The final steps of Ruth Ellis, the last woman killed under the UK death penalty, are retraced around Islington and Camden
The final steps of Ruth Ellis, the last woman killed under the UK death penalty, are retraced around Islington and Camden in a new documentary starting on BBC Four on Tuesday 13th March.
The former HM Prison Holloway, where she was hanged and buried, is visited, along with the Hampstead pub outside which the murder took place, the Magdala on South Hill Park.
Over three episodes in The Ruth Ellis Files: A Very British Crime Story, filmmaker Gillian Pachter takes a forensic look at the case which shocked the UK in 1955.
FilmFixer manages the film officer service for both Islington and Camden. FilmFixer director Andrew Pavord says, “The production filmed quite extensively along the many Hampstead streets that featured in the crime.

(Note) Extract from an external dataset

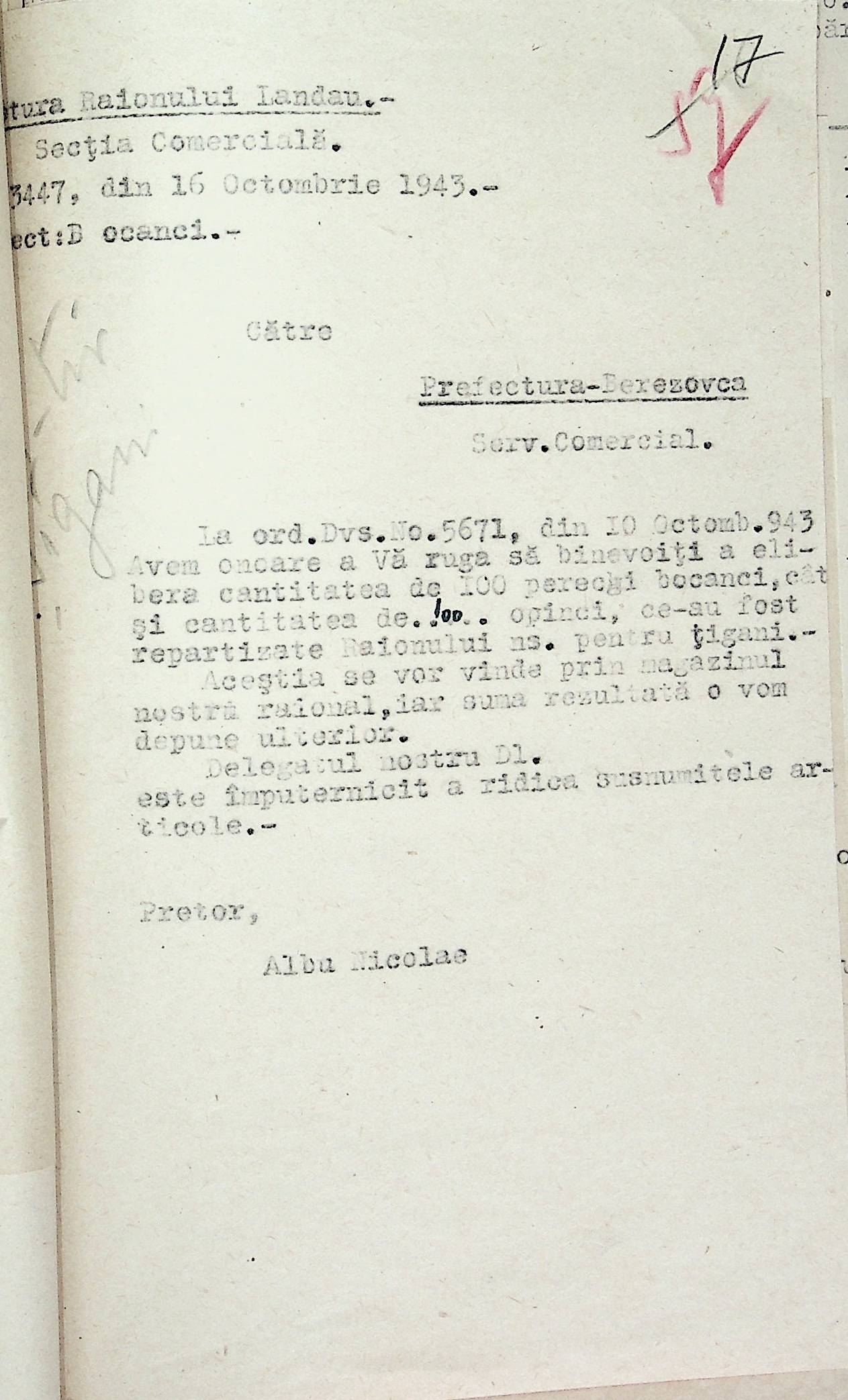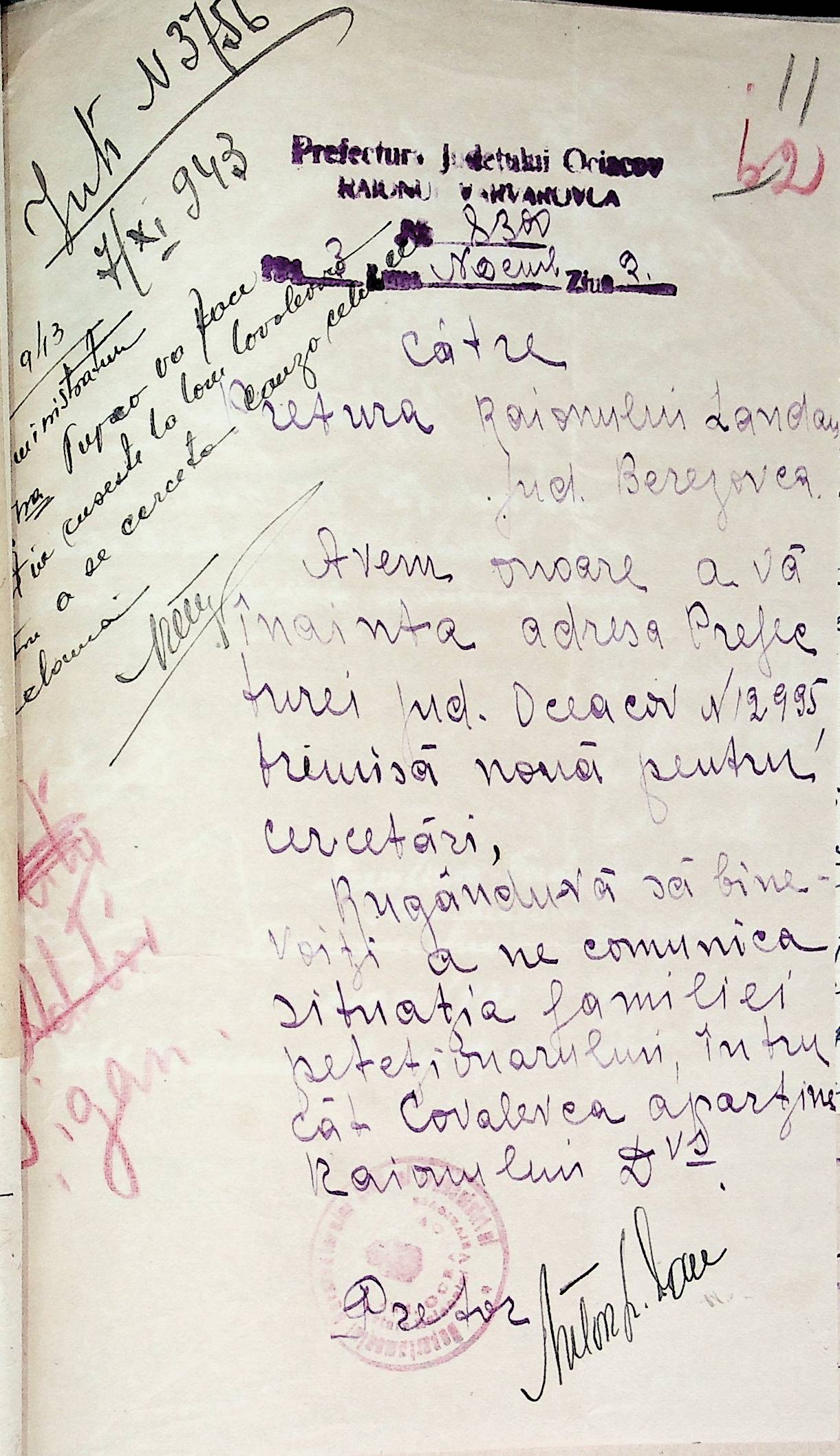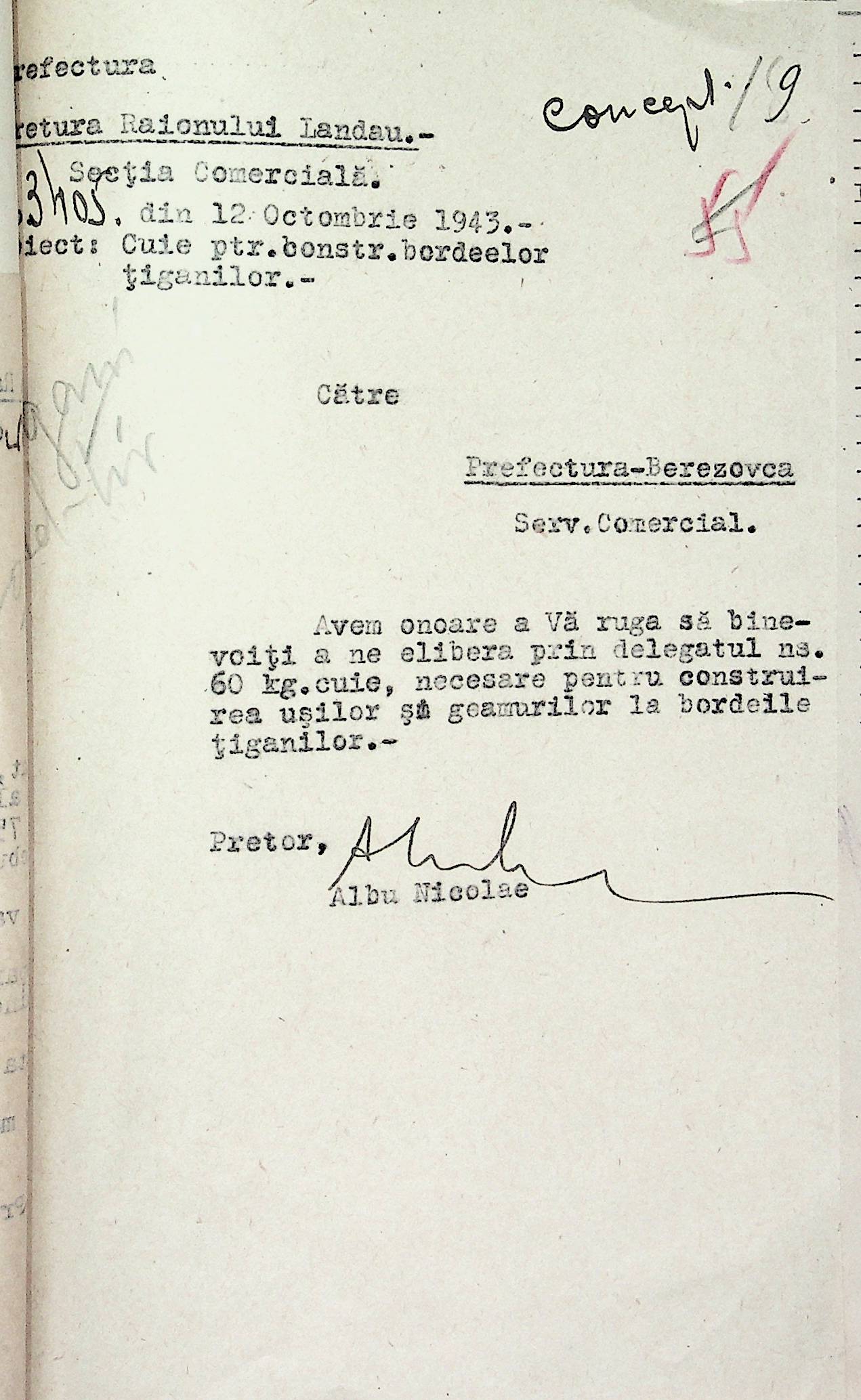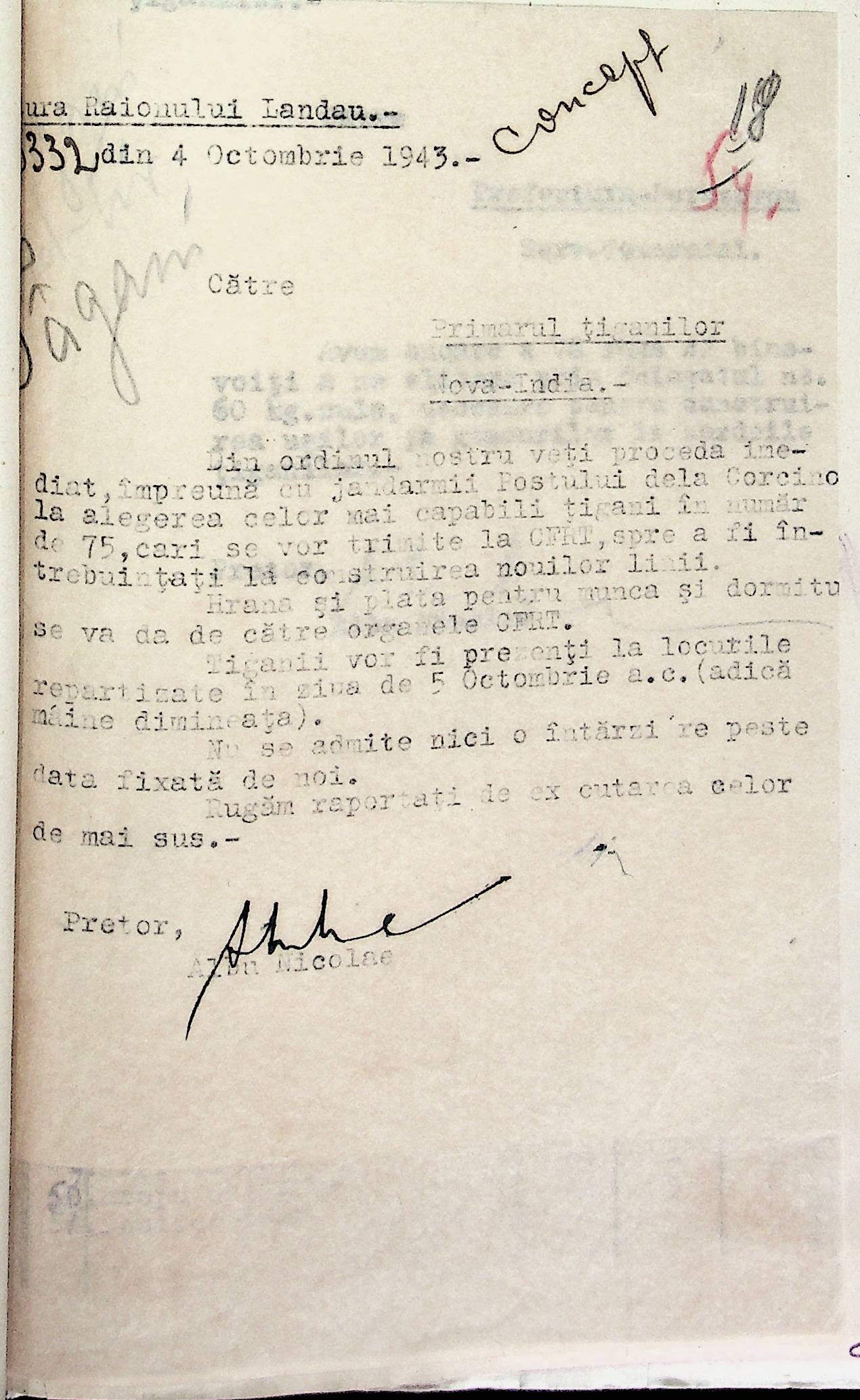 • • • • Справа № 10 “Копії постанов, наказ цивільного губернатора Трансністрії про особливе цензурування кореспонденції циган; про використання єврейського населення на роботах; листування з адміністративним відділом Березівської префектури про відпуск будівельних матеріалів для будівництва бараків для циган, списки циган, які проживають у Ландауському районі”

“On Easter Sunday, April 10th 1955, Ruth Ellis arrived by taxi at 29 Tanza Road in Hampstead, the home of Anthony and Carole Findlater, where she thought she’d find her lover David Blakely. Blakely’s car drove off, as she arrived. So she walked to the Magdala pub about a quarter of a mile away.”
It was recorded at the time that when David Blakely and his friend Clive Gunnell left the pub, Blakely passed Ellis waiting on the pavement. He didn’t reply when she said “Hello, David,” and then shouted “David!” Ellis took a gun out of her handbag and fired five shots at Blakely. Ellis said to Gunnell, “Will you call the police, Clive?” She was arrested immediately by an off-duty policeman, Alan Thompson, who took the gun from her.